A description of the tools and methods used to build your models, an overview of the models themselves and a summary of their attributes, a discussion of model comparisons and accuracy, a presentation of model predictions, classifications, and/or parameter inference.

Discussion

A review of the results generated from the model and synthesis with the context from which the data was generated or observed, a restatement of research objective and an answer to the original research question, a discussion limitations of the study as well as areas for further research.

Code Appendix

A collection of code used to process data, perform analysis, and build models. To avoid excessive run-times when compiling the document, consider adding eval = F to the chunk options (which will force the code not to be run when compiling the document into .pdf or .html)

References

The citations for any data sets, literature or resources directly or indirectly referenced in your report, along with any sources you consulted during your investigation that had a significant impact on your analysis. Citations can be made either according to AP guidelines or [Chicago guidelines](https://owl.purdue.edu/owl/research_and_citation/chicago_manual_17th_edition/cmos_formatting_and_style_guide/chicago_manual_of_style_17th_edition.html.

Presentation

During finals week, each group will give a 10 - 15 minute presentation to the class outlining their project and results. Fifteen minutes is not a lot of time, so groups should plan carefully what they will discuss. The structure of the talk should mirror the structure of the technical report (albeit greatly abbreviated). Groups should create slides or an .html page that can be projected in order to engage the audience.

Specifications and Rubric

Document Specifications

The final technical report should…

  • Be composed as an .Rmd file, and then exported to .pdf.

  • Use the standard font and margin sizes.

  • Be between 3 and 5 pages in length, including graphics and tables.

  • Include a title page, with project title and author names. This page does not count towards the page limit.

  • Display the code used to perform your analysis ONLY if reading the code is necessary for understanding the output.

  • Include the output of the code (summary statistics, visualizations, and the results of any inference where appropriate).

  • Include graphics with appropriate axes labels and titles, and of reasonable size (i.e. that do not take up a half-page of the document, unless absolutely necessary)

  • Include tables that are neatly formatted and legible.

Document Formatting Suggestions

  • A page break can be created in R using the command, which should be on its own line after the metadata (stuff concluding with — at the top of the .Rmd) but before the start of your document prose.

  • To have code run when you knit, but not display, replace the chunk header {r} with {r echo = F}.

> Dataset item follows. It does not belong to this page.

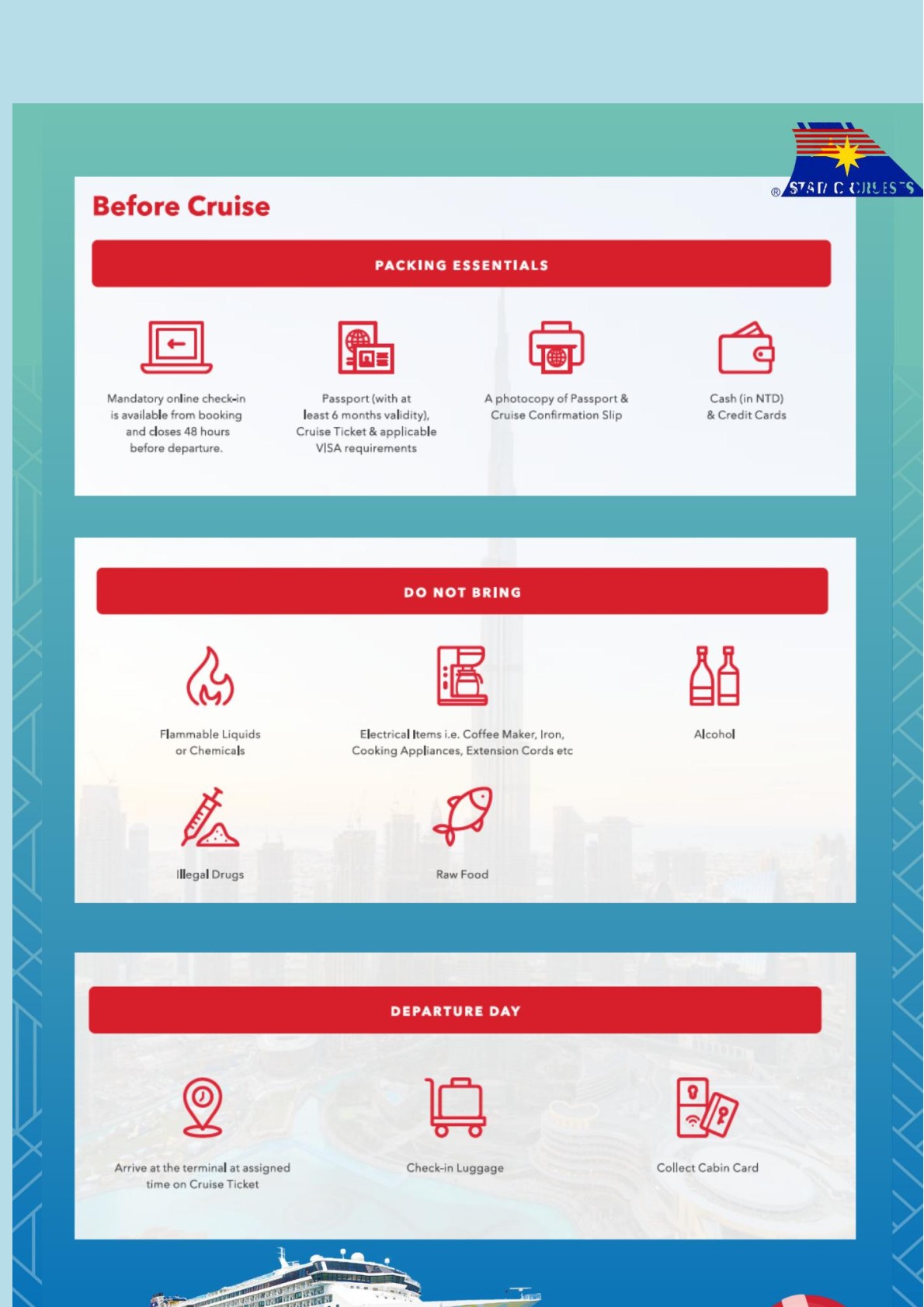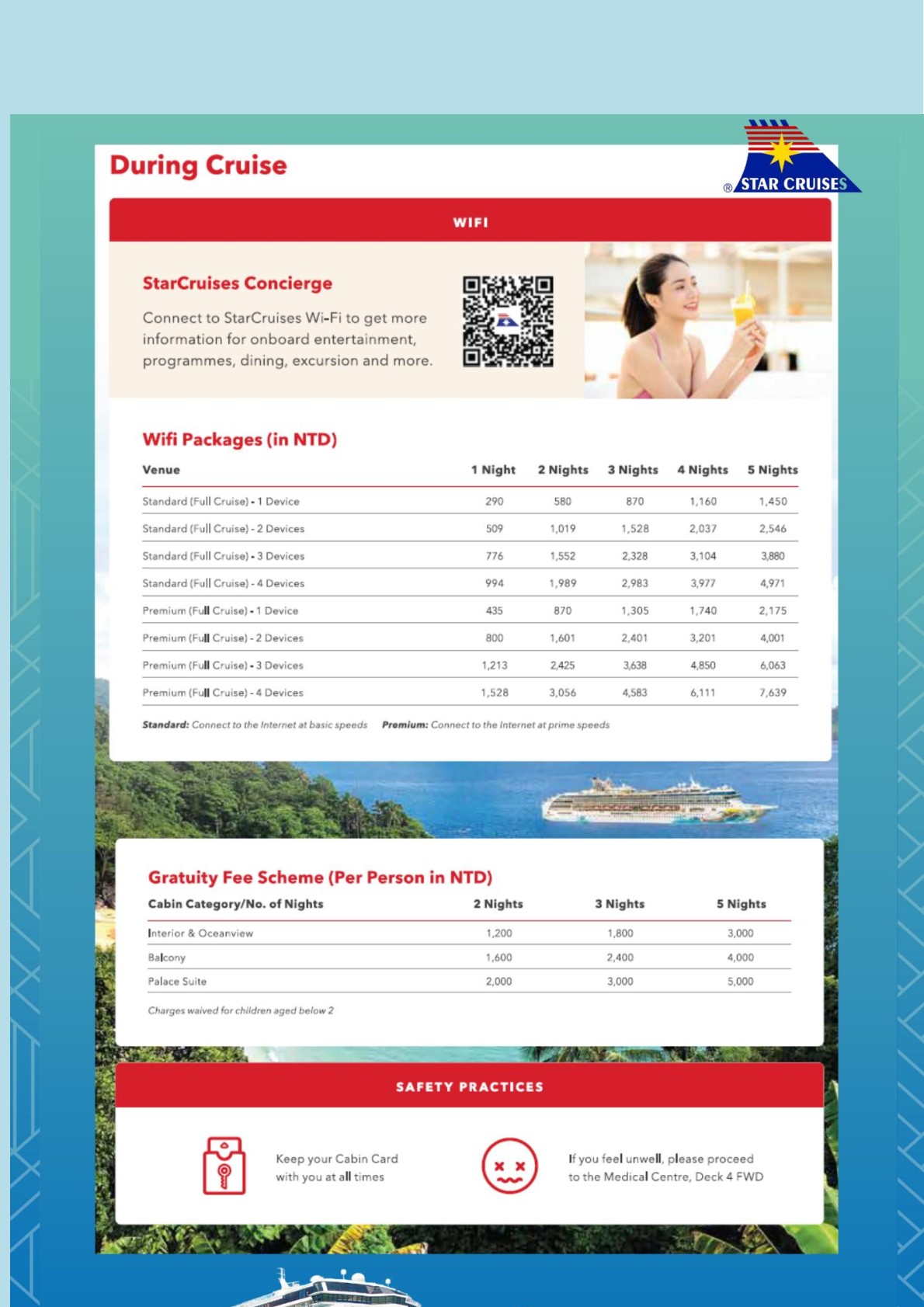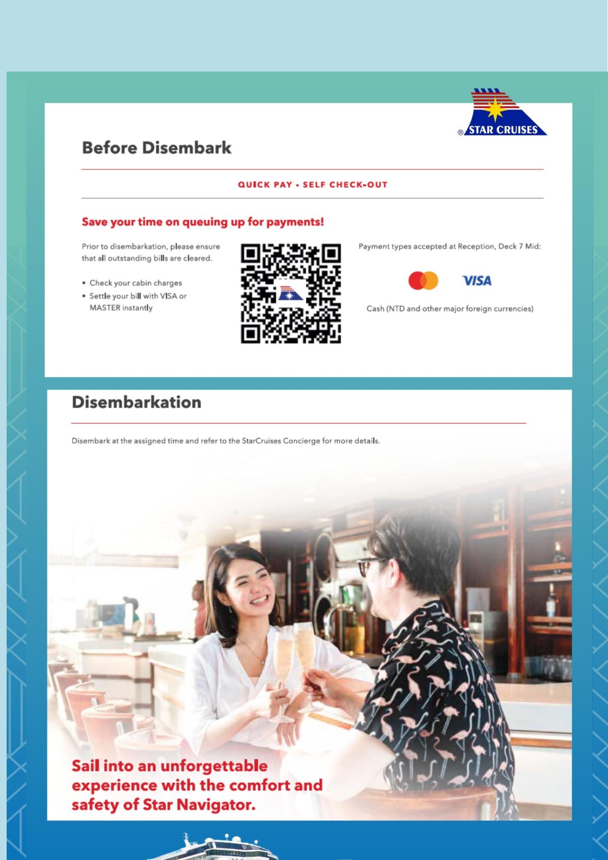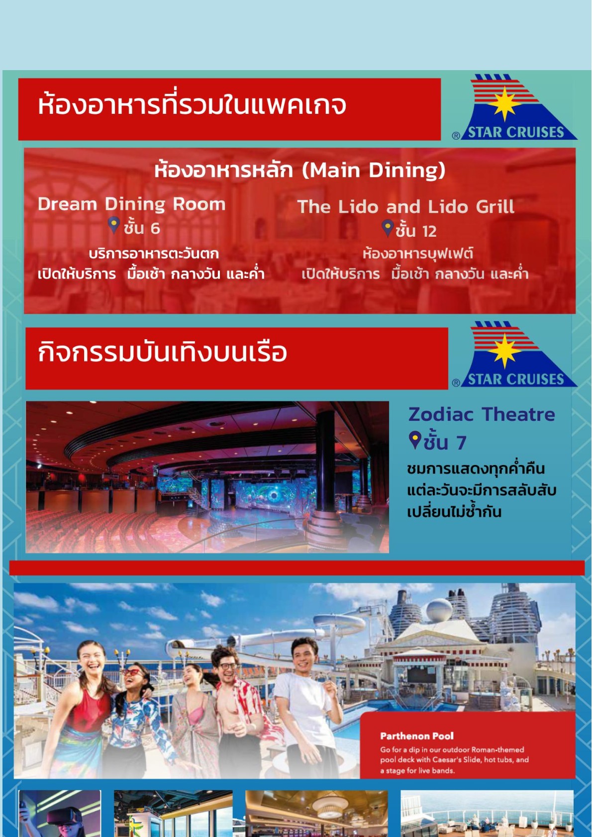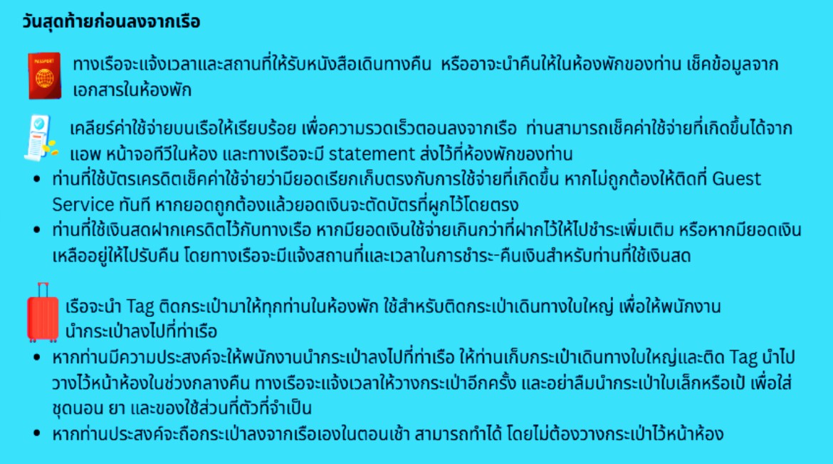 (หลังจากเรือล่องออกสู่น่านน้ำสากลแล้วร้ามค้าปลลดภาษีและศาสีโมจะเปิดให้บริการ)

  • If you also don’t want the output of the code to display (for example, for data processing steps), use {r echo = F, include = F}

  • You can control the size of included graphics by adding {r fig.width =..., fig.height=...} to your chunk options, where … is replaced with the desired width/height of graphic in inches.

  • You can create nice tables for .pdf output by piping (%>%) a data frame into the kable() function from the knitr package. Some table formatting options can be controlled through inputs in the kable function. For description, see run ?kable() in the console.

Document Rubric

The final technical report will be assessed on the following:

  • Requirements: The degree to which the report adhered to the Document Specifications above.

  • Content: The depth and accuracy of analysis, as well as the appropriateness of the methods used.

  • Style: The degree to which the text is well-organized, well-written, coherent and understandable.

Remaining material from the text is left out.